The Ex-Im Bank is ready to help manufacturers in the United States seize this important moment. As a backstop to the financial sector, the Ex-Im Bank is there to step in when needed to ensure that a lack of financing won’t stand in the way of closing a sale.

For small businesses, this support is often essential. The Ex-Im Bank in 2013 served more American small exporters than ever before. It also had all-time highs in lending to women and minority-owned businesses.

Thanks to exports, manufacturers—particularly small and medium-sized enterprises—are producing great results as well. BTE Technologies almost doubled the size of its workforce as it expanded into markets abroad. Today, the Maryland maker of physical therapy and sports medicine equipment exports to 40 countries.

Ellicott Dredges, a 125-year-old manufacturer of dredging equipment, sends its products to markets in Asia, Latin America and Africa with the assistance of financing facilitated by the Ex-Im Bank.

Air Tractor is another Ex-Im Bank success story. This manufacturer of agricultural and forest-firefighting aircraft for use in Brazil and Argentina has utilized Ex-Im programs to generate substantial growth in exports and sustain jobs in a small town in Texas.

And manufacturers are poised for continued export growth. Demand for advanced goods and services in the developing world is exploding to meet the needs of a middle class that is growing by approximately 200 million consumers a year. 

Their need for infrastructure—electricity, clean water, highways, railroads, airports and more—is especially strong. Infrastructure will require nearly $60 trillion of investment just to keep up with GDP growth, according to the McKinsey Global Institute.

It’s a once-in-a-generation opportunity for American companies and their workers.
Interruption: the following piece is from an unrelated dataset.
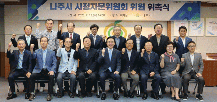 À±º´Å ³ªÁÖ½ÃÀåÀº ¡°³ªÁÖ¸¦ À̲ø¾î ¿À½Ã°í ¾ÕÀ¸·Î ³ªÁÖ¸¦ ¸¸µé¾î°¡´Âµ¥ ÁöÇý¿Í °æ·ûÀ» ¸ð¾ÆÁÖ½Ç ½ÃÁ¤ÀÚ¹®À§¿ø¿¡ ÈçÄèÈ÷ Âü¿©ÇØÁֽŠÀ§¿ø´Ôµé²² °¨»çµå¸®°í ¿µ±¤À¸·Î »ý°¢ÇÑ´Ù¡±¸ç ¡°³ªÁÖ ¹ßÀü°ú ¹Ì·¡¿¡ ´ëÇØ ÇÔ²² °í¹ÎÇÏ°í »õ·Î¿î µµ¾àÀÇ ±âÁ¡ÀÌ µÇ´Â ¼ÒÁßÇÑ ÀÚ¸®°¡ µÇ±æ ±â´ëÇÑ´Ù¡±°í ¹àÇû´Ù.

In fact, the Ex-Im Bank supported more global infrastructure projects in the past three years than in the previous 17 years combined.

But we’re not the only country fighting to get a slice of this $60 trillion pie.

Every nation is in a race to create jobs through increased exports. Fifty-nine other export credit agencies around the world are trying to increase their countries’ share of the global market. That makes for a brutally competitive landscape.

There is no reason why those roads, bridges, rivets and ball bearings should not be made in America. The heavy equipment used to build roads and bridges can be exported from right here. We produce the world’s highest-quality goods and services, but that may not be enough when U.S. companies are up against government-owned and government-subsidized competitors.

Indeed, our manufacturers are not just competing against other privately-owned companies—we must go head to head with foreign governments ready to do whatever it takes to close a deal for their national champions.  

So far, America is holding our own. We now export $2.2 trillion of U.S.-made goods and services—that’s 14 percent of our GDP—both all-time highs. 

But the competition is unrelenting and always looking to increase its share of export markets at our expense. We have to continue to take every opportunity to out-innovate and out-produce the rest of the world. And the Ex-Im Bank is there to help level the playing field and make sure each company gets a fair shot.

Hochberg is the chairman and president of the Export-Import Bank of the United States. Timmons is the president and CEO of the National Association of Manufacturers.